(Your assignment): Write out the line with "回顧多晶硅產(chǎn)業(yè)的發(fā)展歷史,世" and every later line through the end of the data below, exactly as given, with no pictures in the copy.

(Data section):
--- START ---
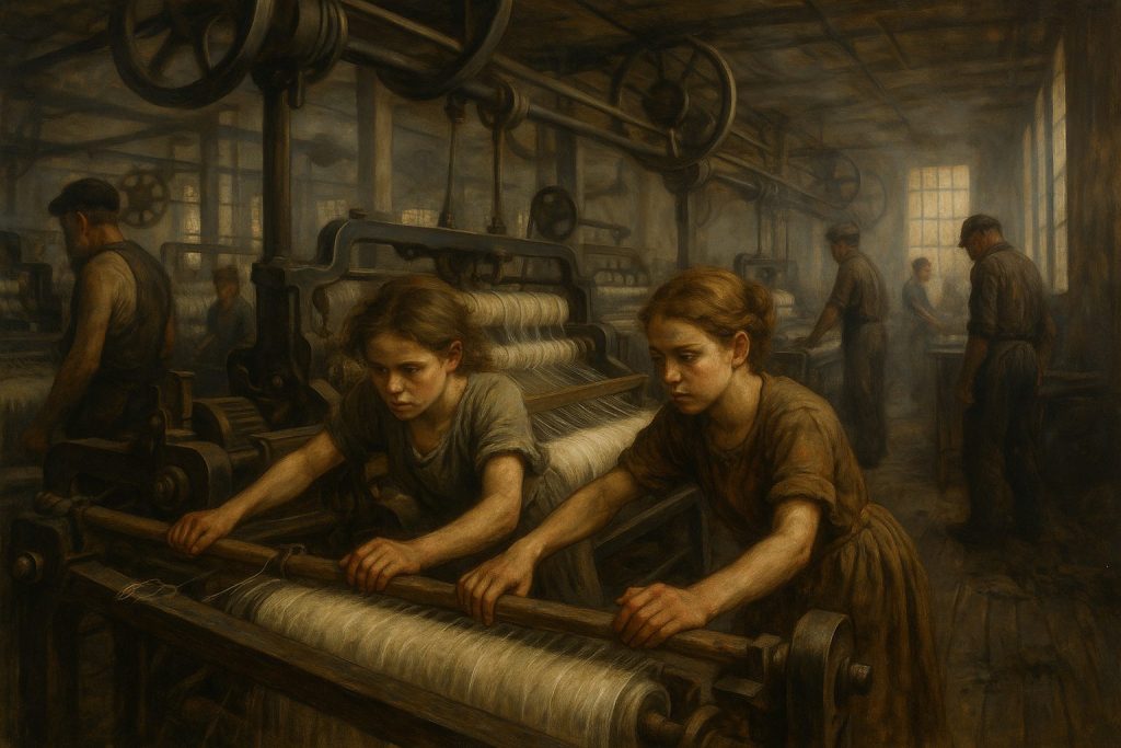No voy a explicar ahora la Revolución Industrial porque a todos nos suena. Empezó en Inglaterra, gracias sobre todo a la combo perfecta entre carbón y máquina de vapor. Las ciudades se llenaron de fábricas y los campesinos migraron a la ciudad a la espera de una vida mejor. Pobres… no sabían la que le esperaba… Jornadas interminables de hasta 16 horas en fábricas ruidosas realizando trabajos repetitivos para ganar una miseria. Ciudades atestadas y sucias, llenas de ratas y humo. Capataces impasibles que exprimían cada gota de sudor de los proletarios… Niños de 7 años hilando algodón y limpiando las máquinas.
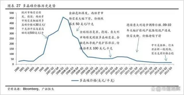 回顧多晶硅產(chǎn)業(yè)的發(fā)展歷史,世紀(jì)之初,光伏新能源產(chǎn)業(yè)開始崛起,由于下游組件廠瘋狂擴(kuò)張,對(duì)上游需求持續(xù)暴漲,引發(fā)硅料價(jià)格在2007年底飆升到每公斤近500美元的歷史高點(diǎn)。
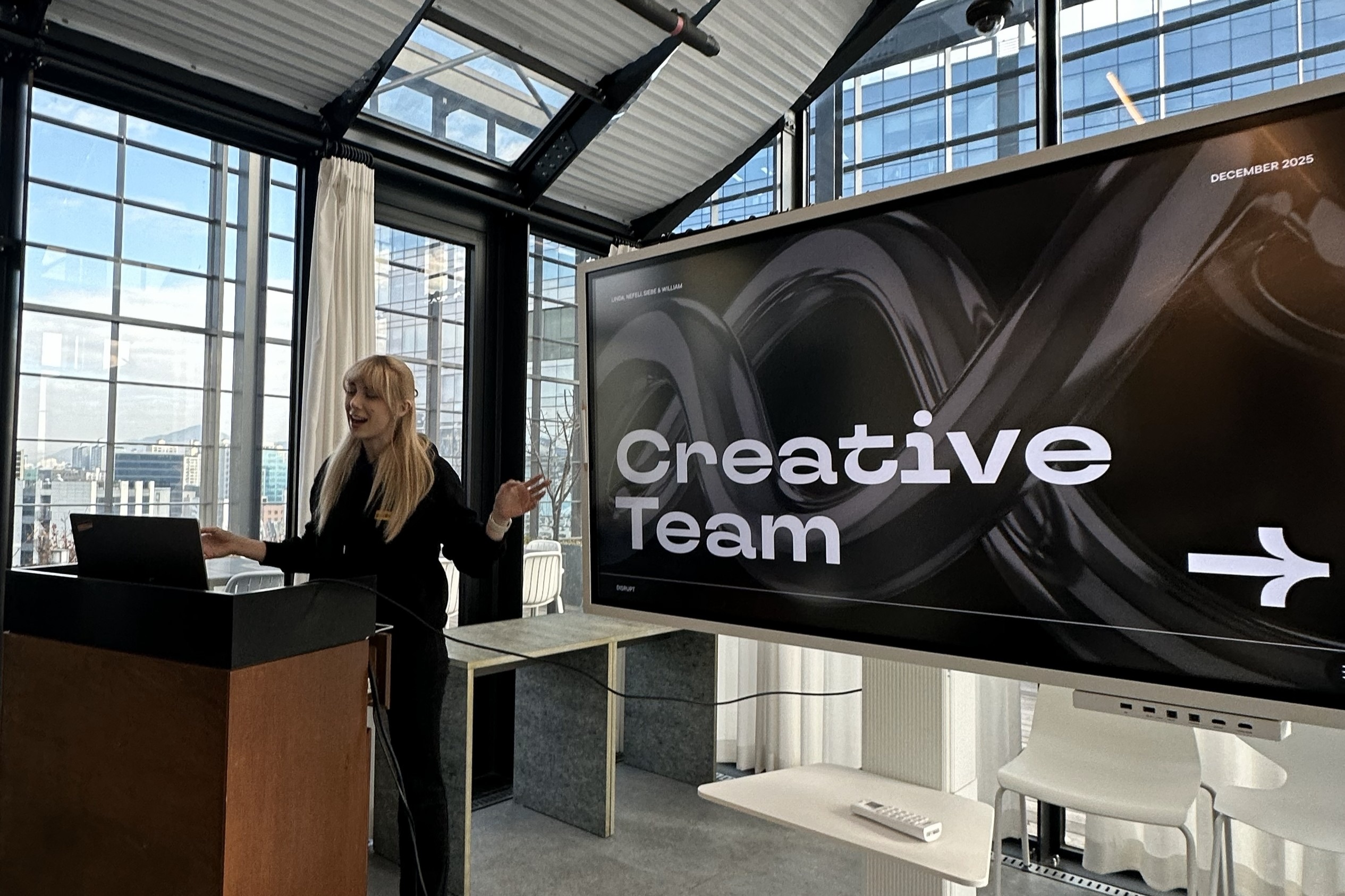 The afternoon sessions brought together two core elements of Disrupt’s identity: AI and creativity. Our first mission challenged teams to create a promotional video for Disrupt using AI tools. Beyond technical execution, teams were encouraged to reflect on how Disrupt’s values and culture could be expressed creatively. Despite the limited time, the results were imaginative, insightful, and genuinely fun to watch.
--- END ---
(Worked solution):
 回顧多晶硅產(chǎn)業(yè)的發(fā)展歷史,世紀(jì)之初,光伏新能源產(chǎn)業(yè)開始崛起,由于下游組件廠瘋狂擴(kuò)張,對(duì)上游需求持續(xù)暴漲,引發(fā)硅料價(jià)格在2007年底飆升到每公斤近500美元的歷史高點(diǎn)。
 The afternoon sessions brought together two core elements of Disrupt’s identity: AI and creativity. Our first mission challenged teams to create a promotional video for Disrupt using AI tools. Beyond technical execution, teams were encouraged to reflect on how Disrupt’s values and culture could be expressed creatively. Despite the limited time, the results were imaginative, insightful, and genuinely fun to watch.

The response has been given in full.